» **The problem**: Apart from the images, reproduce all of the data word for word.

(Records from a dataset)
-=-=-

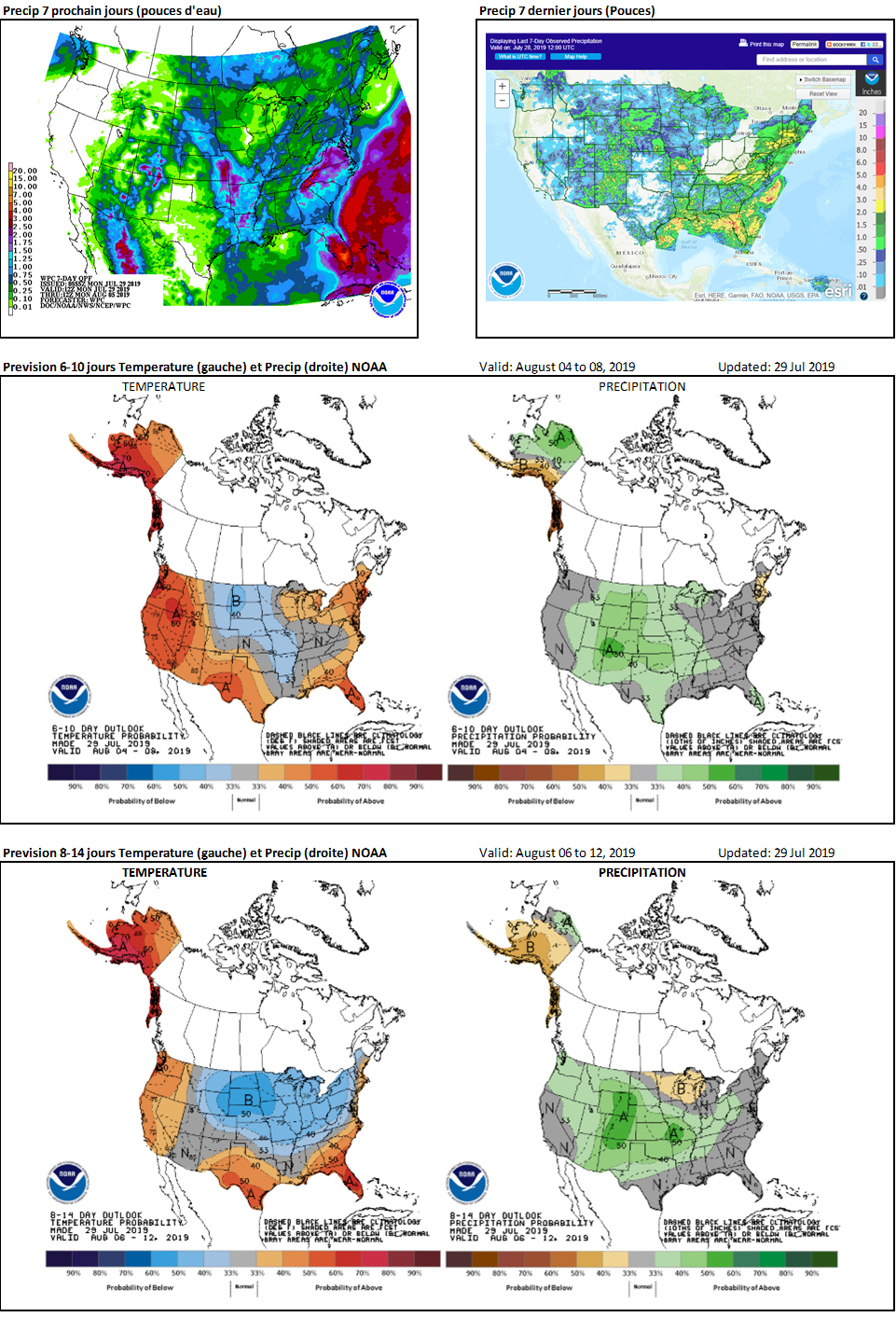 Cartes Météo : certaines régions du Midwest pourrait prendre une journée de pluie, mais les cartes de sécheresse ne sont pas en train de beeper et flasher comme en 2012. Les forecast sont quand même clément jusqu’à la mi-août avec une absence de chaleur extrême. Coté précipitation, comme je le disais, ça ferait pas de mal un p’ti nuage.
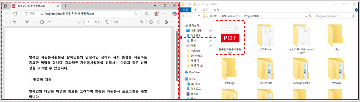 ○ '탈북민지원봉사활동.jse' 파일은 실행 시 두 개의 파일을 생성합니다. 하나는 정상적인 PDF 문서로, 사용자를 속이기 위한 미끼(Decoy) 파일이며, 다른 하나는 실제 악성 동작을 수행하는 DLL 파일입니다.
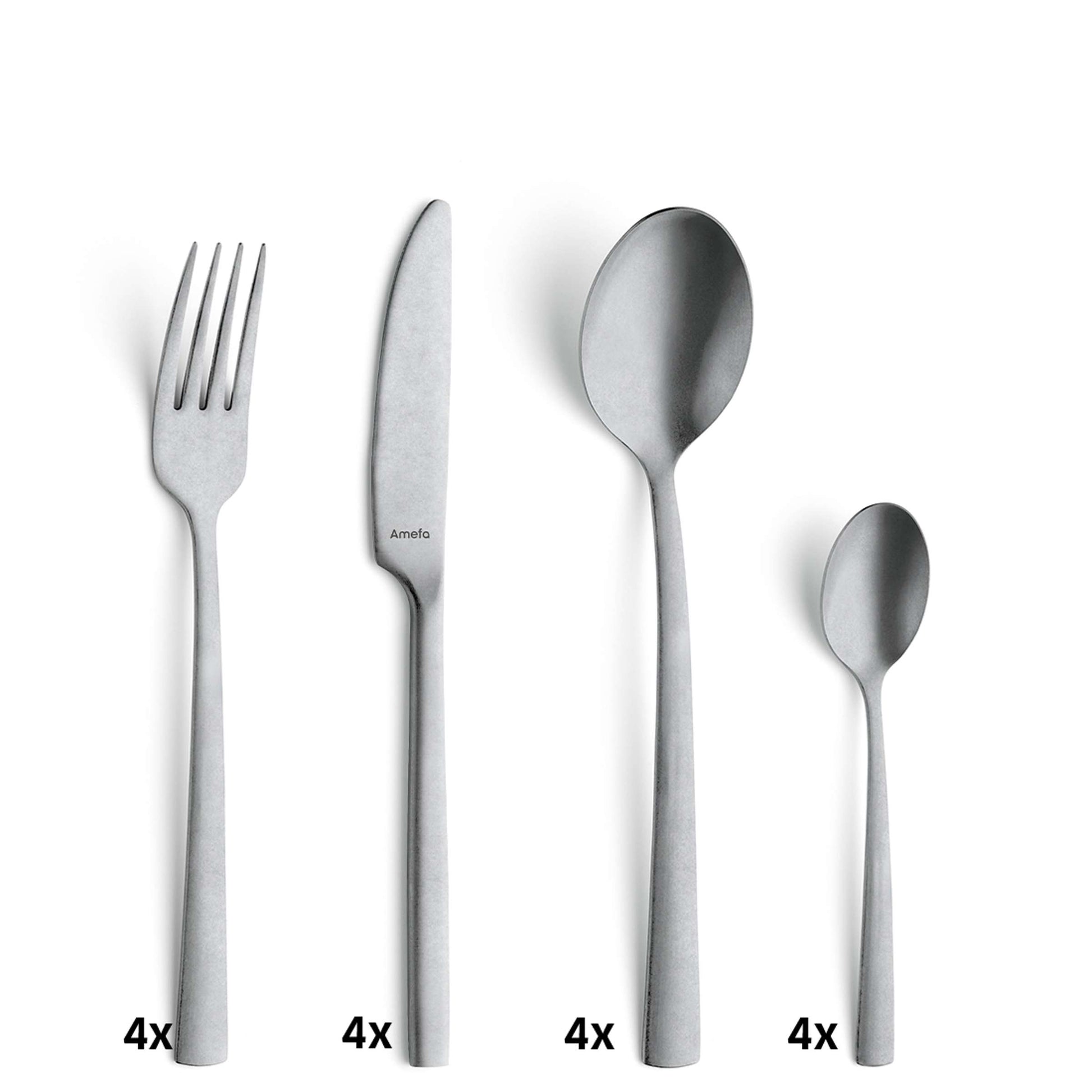 - Contents: 4 coffee spoons, 4 dinner forks, 4 dinner spoons, 4 dinner knives
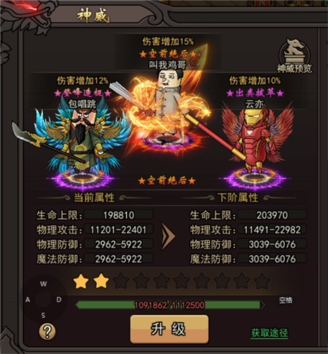 2、玩家完成对应指定任务就能获取神威值,消耗神威值可提升神威等级,获得高额属性加成;
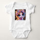 Un design de bodysuit pour bébé fantaisiste et adorable représentant un chat mignon orné d'une couronne de fleurs colorées sur un ciel nocturne étoilé. Le design ludique et les couleurs douces créent une atmosphère magique et enchanteresse.
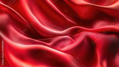 Red soft satin fabric waves background design. Texture with smooth flowing patterns and light shiny effect
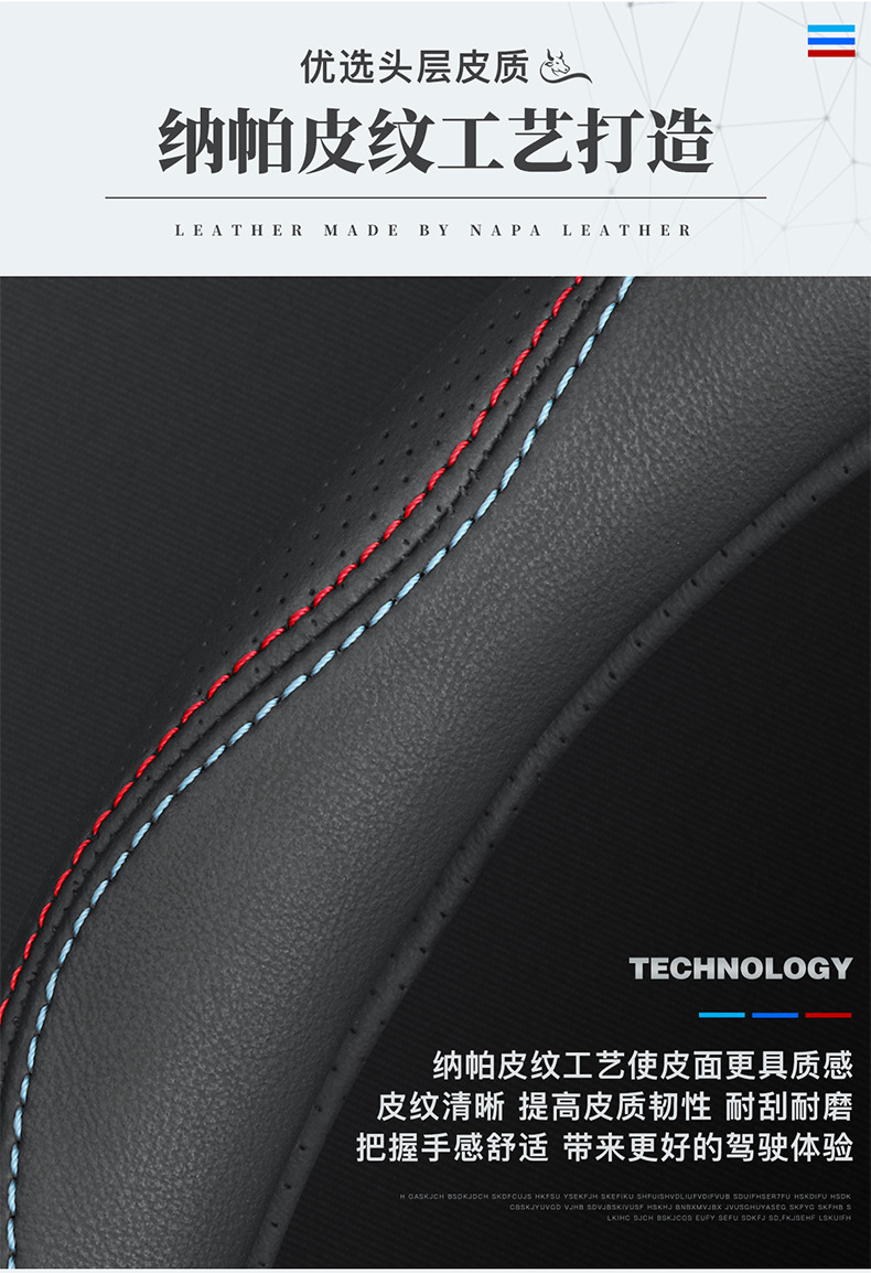 • 소가죽 전체, 둥근 모양, 빨간색과 파란색 실, 3색 표시 + 자동차 로고
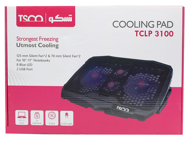 پایه خنککنندهی «تسکو» مدل «TCLP 3100» یکی از قویترین کولپدهاست و چهار عدد فن دارد. در این پایه دو عدد فن با قطر ۱۲۵ میلیمتری به کار رفته و ۲ عدد فن کوچکتر با قطر ۷۰ میلیمتر هم در آن وجود دارد. این مدل از پایه خنککنندههای تسکو ۳۹ سانتیمتر طول دارد. عرض آن ۲۸ سانتیمتر و ضخامت پایه هم ۲٫۸ سانتیمتر است. بنابراین این مدل از پایه خنک کنندههای تسکو برای لپتاپهای ۱۷ اینچی و کوچکتر از آن مناسب خواهد بود. این کول پد ۷۷۰ گرم وزن دارد و با استفاده از فلز و پلاستیک ساخته شده است. به گفته ی شرکت تولید کننده سرعت فنهای بهکار رفته در این پایه ۱۵۰۰ دوربر دقیقه است. بنابراین میتوان گفت این چهار فن نقش خوبی در انتقال هوا به زیر لپتاپ شما خواهند داشت و باعث میشوند دستگاه در حین کار کردن داغ نشود. کار کردن با لپتاپ یا سایر تجهیزات الکترونیکی، سبب بالا رفتن دمای آنها میشود. این افزایش دما بر عملکرد دستگاه تاثیر منفی میگذارد. اگرچه فن داخل لپتاپ گرمای تولید شده توسط «CPU» را خارج میکند و تا حدودی دما را پایین میآورد، اما بهتر است هوایی که به داخل کشیده میشود، هوایی تازه باشد نه همان هوایی که توسط فن «CPU» به خارج فرستاده شده است. به همین دلیل لازم است تا توسط یک وسیله خارجی، هوای خنکتر، از اطراف لپتاپ به فضای زیر آن کشیده شود. پایههای خنککننده یا کول پدها فاصلهای بین لپتاپ و سطحی که روی آن قرار میگیرد ایجاد میکنند و به کمک فن یا فنهایشان، جریانی از هوا را به زیر لپتاپها هدایت میکنند. بهاینترتیب نقش موثری در پایین آوردن دمای لپتاپ دارند. تسکو برای فنهای بهکار رفته در این کولپد نشانگرهای LED با رنگ آبی قرار داده تا با استفاده از آنها وضعیت خنککننده مشخص شود.
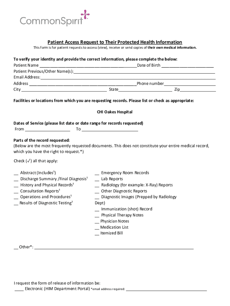 The patient access request form is a document that allows patients to request access to their personal health information held by healthcare providers.
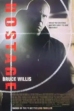 Hostage is a 2005 action thriller film directed by Florent Siri from the screenplay by Doug Richardson. It is based on the 2001 novel of the same name by Robert Crais. The film stars Bruce Willis (who co-produced the film), Kevin Pollak, Ben Foster, and Jonathan Tucker and follows the police chief who takes place as the negotiator when the family of a wealthy accountant is held hostage by three teenagers. The film earned negative reviews from critics and grossed $77 million.
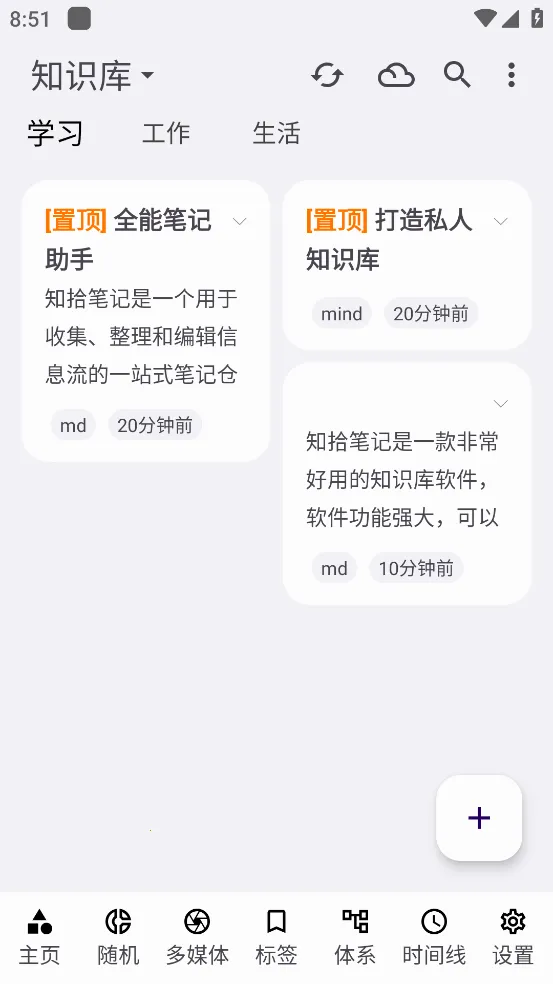 2. 软件的分类与管理功能多样。支持分类标签扁平化分类管理,也能通过树状图立体构建知识体系,还提供随机阅读、时间线标签、多媒体等多维度内容管理方式,方便用户根据自己的需求对知识进行精准分类和查找。
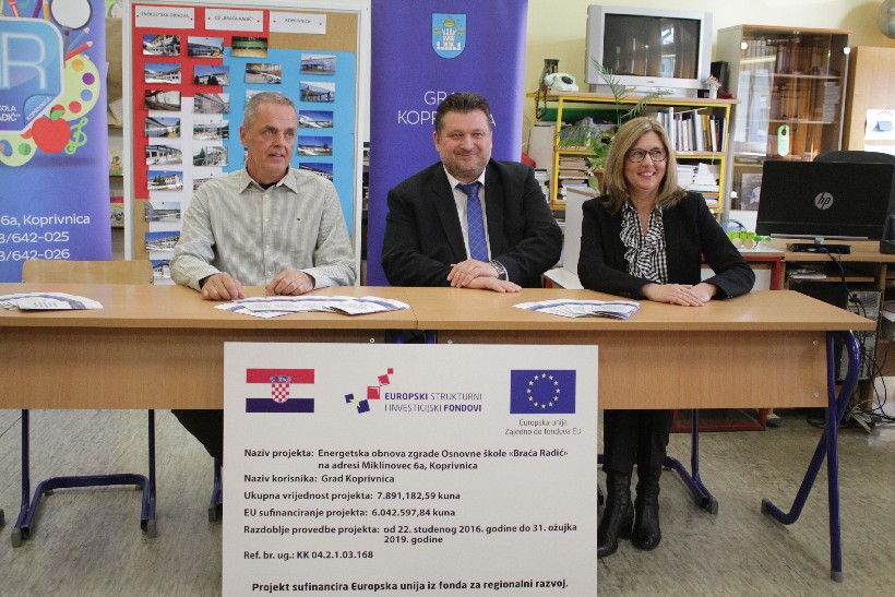Prostorije školske knjižnice u Osnovnoj školi Braća Radić Koprivnica poslužile su danas za završnu konferenciju energetske obnove te škole. Energetska obnova Osnovne škole provodila se u okviru Europskog fonda za regionalni razvoj. Cijeli projekt sufinanciran je s čak 4.332.727,75 kuna bespovratnih sredstava iz Europskih fondova, dok je preostali dio financiran iz proračuna Grada Koprivnice.
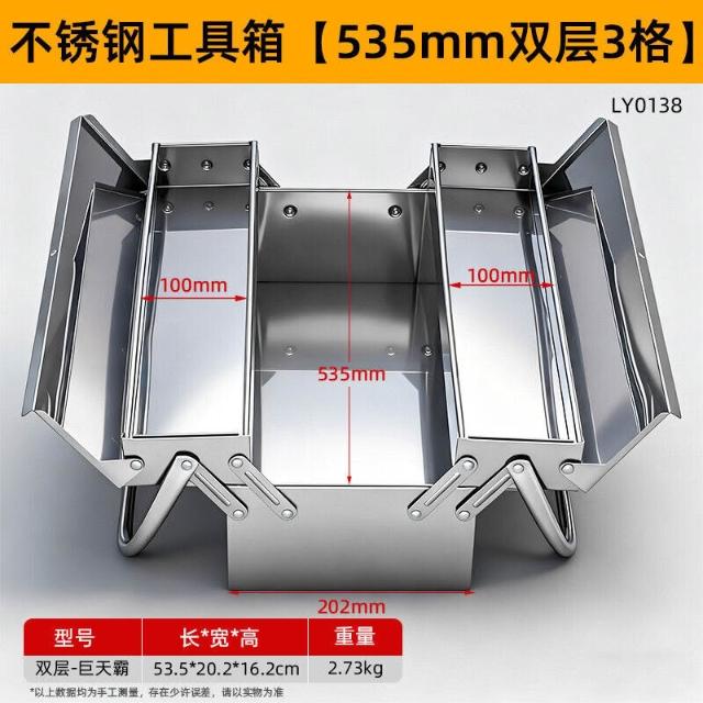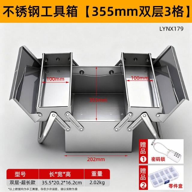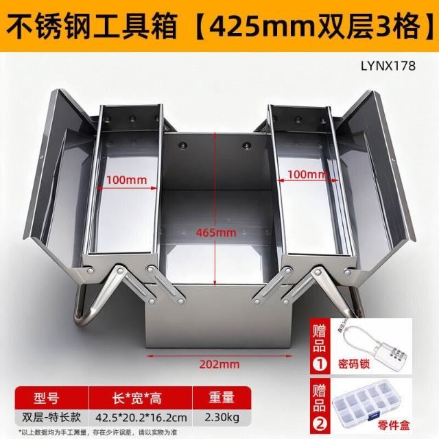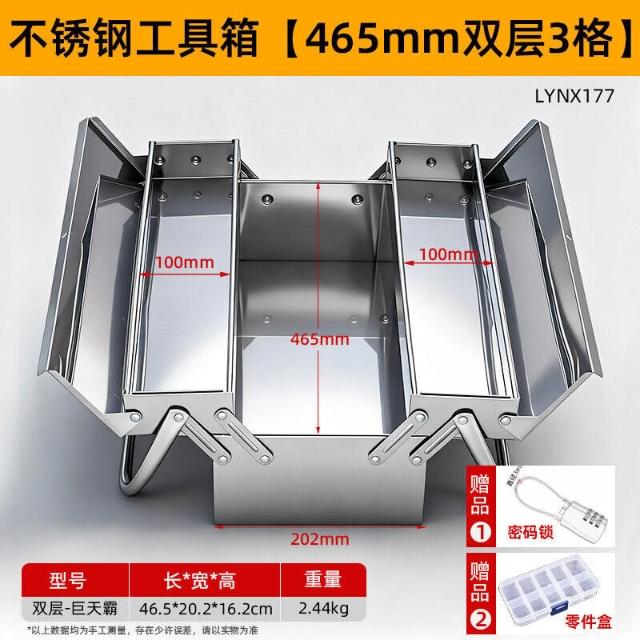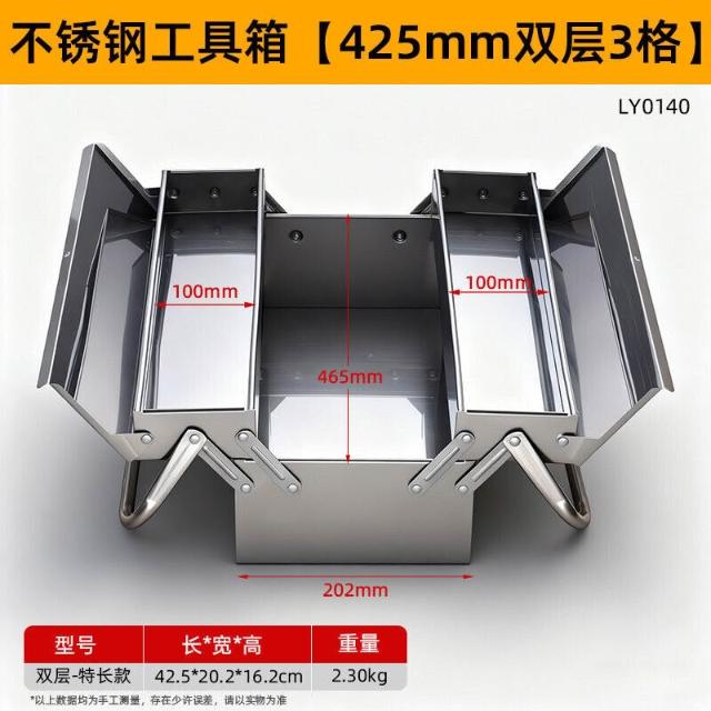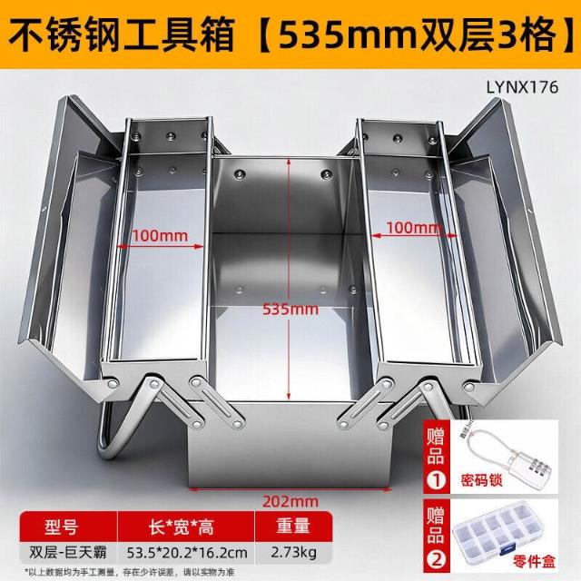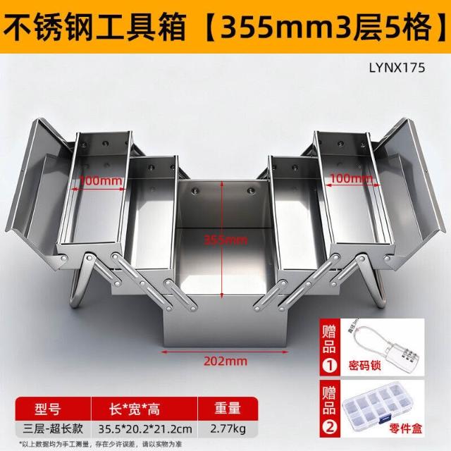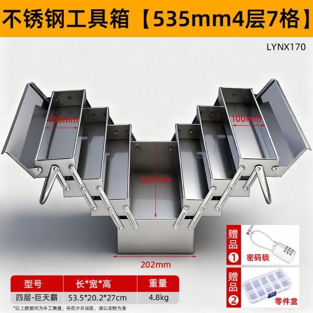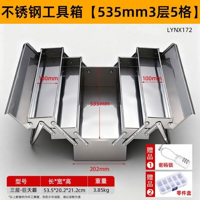 不銹鋼工具箱三層折疊家用加厚手提式五金工業級收納盒多功能

-=-=-

» **Completed task**:
 Cartes Météo : certaines régions du Midwest pourrait prendre une journée de pluie, mais les cartes de sécheresse ne sont pas en train de beeper et flasher comme en 2012. Les forecast sont quand même clément jusqu’à la mi-août avec une absence de chaleur extrême. Coté précipitation, comme je le disais, ça ferait pas de mal un p’ti nuage.
 ○ '탈북민지원봉사활동.jse' 파일은 실행 시 두 개의 파일을 생성합니다. 하나는 정상적인 PDF 문서로, 사용자를 속이기 위한 미끼(Decoy) 파일이며, 다른 하나는 실제 악성 동작을 수행하는 DLL 파일입니다.
 - Contents: 4 coffee spoons, 4 dinner forks, 4 dinner spoons, 4 dinner knives
 2、玩家完成对应指定任务就能获取神威值,消耗神威值可提升神威等级,获得高额属性加成;
 Un design de bodysuit pour bébé fantaisiste et adorable représentant un chat mignon orné d'une couronne de fleurs colorées sur un ciel nocturne étoilé. Le design ludique et les couleurs douces créent une atmosphère magique et enchanteresse.
 Red soft satin fabric waves background design. Texture with smooth flowing patterns and light shiny effect
 • 소가죽 전체, 둥근 모양, 빨간색과 파란색 실, 3색 표시 + 자동차 로고
 پایه خنککنندهی «تسکو» مدل «TCLP 3100» یکی از قویترین کولپدهاست و چهار عدد فن دارد. در این پایه دو عدد فن با قطر ۱۲۵ میلیمتری به کار رفته و ۲ عدد فن کوچکتر با قطر ۷۰ میلیمتر هم در آن وجود دارد. این مدل از پایه خنککنندههای تسکو ۳۹ سانتیمتر طول دارد. عرض آن ۲۸ سانتیمتر و ضخامت پایه هم ۲٫۸ سانتیمتر است. بنابراین این مدل از پایه خنک کنندههای تسکو برای لپتاپهای ۱۷ اینچی و کوچکتر از آن مناسب خواهد بود. این کول پد ۷۷۰ گرم وزن دارد و با استفاده از فلز و پلاستیک ساخته شده است. به گفته ی شرکت تولید کننده سرعت فنهای بهکار رفته در این پایه ۱۵۰۰ دوربر دقیقه است. بنابراین میتوان گفت این چهار فن نقش خوبی در انتقال هوا به زیر لپتاپ شما خواهند داشت و باعث میشوند دستگاه در حین کار کردن داغ نشود. کار کردن با لپتاپ یا سایر تجهیزات الکترونیکی، سبب بالا رفتن دمای آنها میشود. این افزایش دما بر عملکرد دستگاه تاثیر منفی میگذارد. اگرچه فن داخل لپتاپ گرمای تولید شده توسط «CPU» را خارج میکند و تا حدودی دما را پایین میآورد، اما بهتر است هوایی که به داخل کشیده میشود، هوایی تازه باشد نه همان هوایی که توسط فن «CPU» به خارج فرستاده شده است. به همین دلیل لازم است تا توسط یک وسیله خارجی، هوای خنکتر، از اطراف لپتاپ به فضای زیر آن کشیده شود. پایههای خنککننده یا کول پدها فاصلهای بین لپتاپ و سطحی که روی آن قرار میگیرد ایجاد میکنند و به کمک فن یا فنهایشان، جریانی از هوا را به زیر لپتاپها هدایت میکنند. بهاینترتیب نقش موثری در پایین آوردن دمای لپتاپ دارند. تسکو برای فنهای بهکار رفته در این کولپد نشانگرهای LED با رنگ آبی قرار داده تا با استفاده از آنها وضعیت خنککننده مشخص شود.
 The patient access request form is a document that allows patients to request access to their personal health information held by healthcare providers.
 Hostage is a 2005 action thriller film directed by Florent Siri from the screenplay by Doug Richardson. It is based on the 2001 novel of the same name by Robert Crais. The film stars Bruce Willis (who co-produced the film), Kevin Pollak, Ben Foster, and Jonathan Tucker and follows the police chief who takes place as the negotiator when the family of a wealthy accountant is held hostage by three teenagers. The film earned negative reviews from critics and grossed $77 million.
 2. 软件的分类与管理功能多样。支持分类标签扁平化分类管理,也能通过树状图立体构建知识体系,还提供随机阅读、时间线标签、多媒体等多维度内容管理方式,方便用户根据自己的需求对知识进行精准分类和查找。
Prostorije školske knjižnice u Osnovnoj školi Braća Radić Koprivnica poslužile su danas za završnu konferenciju energetske obnove te škole. Energetska obnova Osnovne škole provodila se u okviru Europskog fonda za regionalni razvoj. Cijeli projekt sufinanciran je s čak 4.332.727,75 kuna bespovratnih sredstava iz Europskih fondova, dok je preostali dio financiran iz proračuna Grada Koprivnice.
 不銹鋼工具箱三層折疊家用加厚手提式五金工業級收納盒多功能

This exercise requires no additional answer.